Today, however, people are reacting inside a system engineered for constant stimulation, outrage, and identity-level conflict. Social media accelerates grievance, isolates people into ideological silos, and rewards the most extreme expressions with attention.
Institutions that once absorbed or moderated public emotion are now widely distrusted, leaving some individuals convinced that only direct action—even reckless or symbolic—can make them visible. Add to that a 24-hour news cycle, collapsing civic norms, and a culture that treats politics as existential rather than procedural, and you get a landscape where far more people become activated, destabilized, or convinced that dramatic intervention is justified.
In this environment, the metaphor of open season becomes more than rhetorical. It describes a psychological shift: the sense among certain individuals that the usual boundaries no longer apply, that the target is exposed, and that taking a shot—literal or symbolic—will be rewarded with attention, validation, or a sense of moral righteousness. The presidency becomes the bear in the clearing, surrounded not by hunters with licenses but by amateurs, opportunists, and unstable actors who believe the moment has given them permission.
Progressive Leaders Under Fire:-
Many commentators argue that certain political forces on the left—including some elected officials, activist networks, and media ecosystems—have contributed to this climate by promoting a sense of moral entitlement that resonates strongly with individuals already on the margins. When political rhetoric frames opposition as illegitimate, oppressive, or dangerous, and when disruptive tactics are celebrated as righteous forms of “resistance,” fringe actors can interpret that as permission to escalate.
In this view, a steady narrative of grievance, emergency, and moral absolution lowers the psychological barriers that would normally keep unstable or impulsive individuals from inserting themselves into politics through confrontation or spectacle. The result is not necessarily that mainstream leaders intend violence (though I believe some do), but that their language and posture can unintentionally activate people who otherwise would have remained isolated, passive, or politically disengaged.
This dynamic is intensified by the way political narratives are constructed and amplified. When a political movement repeatedly signals that its goals are morally superior and that its opponents threaten democracy, public safety, or basic human rights, it creates a psychological environment in which extreme actions can feel justified.
For individuals already predisposed to instability or grievance, this becomes a form of moral licensing: the belief that extraordinary circumstances require extraordinary measures. The more political actors frame the moment as a crisis, the more likely fringe individuals are to interpret it as a personal call to action.

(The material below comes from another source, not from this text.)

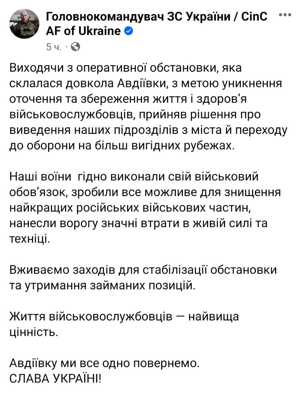 07:57 Главком ВСУ Александр Сырский заявил о выводе украинских войск из Авдеевки - с целью сохранения жизней солдат.

Some analysts further argue that the current wave of political violence, far from undermining the left, reinforces a narrative that benefits them strategically. Each new incident becomes another data point used to portray Trump as uniquely dangerous or destabilizing, and the violence itself becomes political fuel—a way to keep their base in a constant state of emotional activation.
The more chaos that surrounds him, the easier it becomes to argue that he is the source of it, and the more effectively they can dampen his ability to communicate, govern, or shape the national conversation. In a tight midterm environment, this constant drumbeat of alarm can help shift marginal voters, suppress enthusiasm among the undecided, and create an atmosphere in which the left’s preferred narrative dominates through sheer repetition and emotional intensity.
The result is a political landscape that feels increasingly like open season—a moment when the normal protections of civic life seem weakened, when the presidency appears exposed, and when individuals on the fringe feel unusually emboldened. The danger is not only the violence itself, but the way it reshapes public perception, hardens political identities, and distorts the democratic process. In this environment, the line between political participation and political disruption becomes increasingly blurred, and the consequences for national stability grow more severe.
God Bless America!
Author, Businessman, Thinker, and Strategist. Read more about Allan, his background, and his ideas to create a better tomorrow at www.1plus1equals2.com. Read additional great writers here.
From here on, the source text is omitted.